HOW WORDS LAND IN THE BODY

Words are powerful. They carry backstory. They have their own personal history in each person who hears them, reads them, writes them, and speaks them.

 

Words are suggestions for experience. Most often we agree on general definitions. We look them up in dictionaries when we want to know what they mean. We recognize them in different contexts. We create a reservoir of how, when, and in what tone we experience them being used. In this way we build a unique relationship to each word.

 

But what does a word truly mean? Is your soft the same as mine? We agree on a range of experience, but perhaps the soft I’ve experienced and that I feel as I think of soft is similar, but not the same as yours. Maybe mine is puppy belly soft and your soft is pillow or moss soft.

 

We build a primarily unconscious resource of felt experiences in relationship to each word, even to the little traveling words like to or from. They all have emotional kickers and a field of reference. They also have resonance with other people’s use of that particular word.

 

Sometimes, and especially with people from other cultures, a word can mean something quite different. I think of all the years I heard Tibetan lamas refer to Mind which I interpreted in my Western cultural definition, not understanding the cavernous philosophy that lives within their speaking of that word.

 

I think of being given the suggestion to soften. I lay on my back softening my tissues and felt how different it felt than being given the suggestion to yield. They feel different although both words carry in them the idea of releasing tension, acknowledging gravity, and lowering muscle tone. Soften may be included in yield for some, but not for others. We each carry a unique physical response to hearing words and finding them in the tissues of our bodies.

 

Our tissues contain our words, those spoken to us and the ones we speak inside to ourselves. Our cells have been responding to and encoding verbal communication for as long as we’ve been here.

 

An Experiment: This is about noticing, internal listening, receiving information from your tissues. As you follow these choices of things to do bring your attention to how your body feels. Does one particular part of your body resonate or feel a particular way? Do you feel it more locally or globally in your body? Does it stay in your head or on your tongue? Do you feel it in your heart or your belly or your foot?

Choose a word.

Say it our loud. Feel the internal responses in your body.

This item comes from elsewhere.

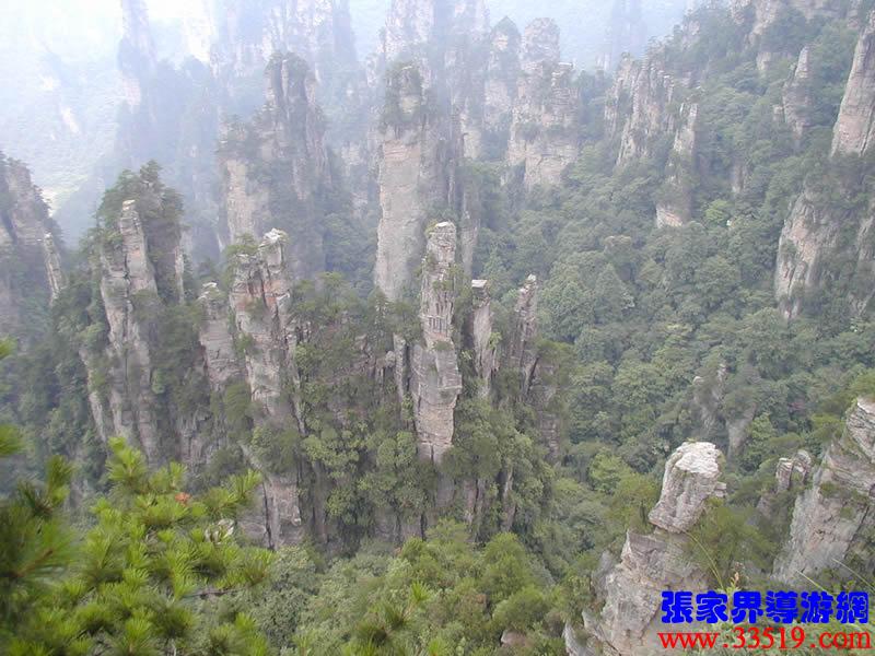 (神兵聚會(huì))從仙人橋去老屋場(chǎng),但見(jiàn)深谷里密密麻麻羅列上百座石峰,活像一群威武雄壯的將士列隊(duì)聽(tīng)令,相傳這就是向王天子的神兵在聚會(huì)。神話雖不可靠,但石峰如此集中壯觀,在武陵源也屬罕見(jiàn)。我想引用一位美術(shù)大師的話:“豈有此理,莫名奇妙,說(shuō)也不信,到此方知。”不看神兵聚會(huì),怎知石峰成林。

Say it internally. Notice again how your body feels.

Think it. Experience how your body responds.

Is it different each time or are there similarities?

Choose other words to play with and notice differences in emotional/physical responses in the body.

An example: When I say the word bye as in bye-bye out loud my hand wants to get involved waving. When I say it inside it settles in the top back of my lungs with a kind of heaviness. When I think it, (which is hard, I have to stop myself from saying it internally) I feel it more in the emotions of my facial muscles.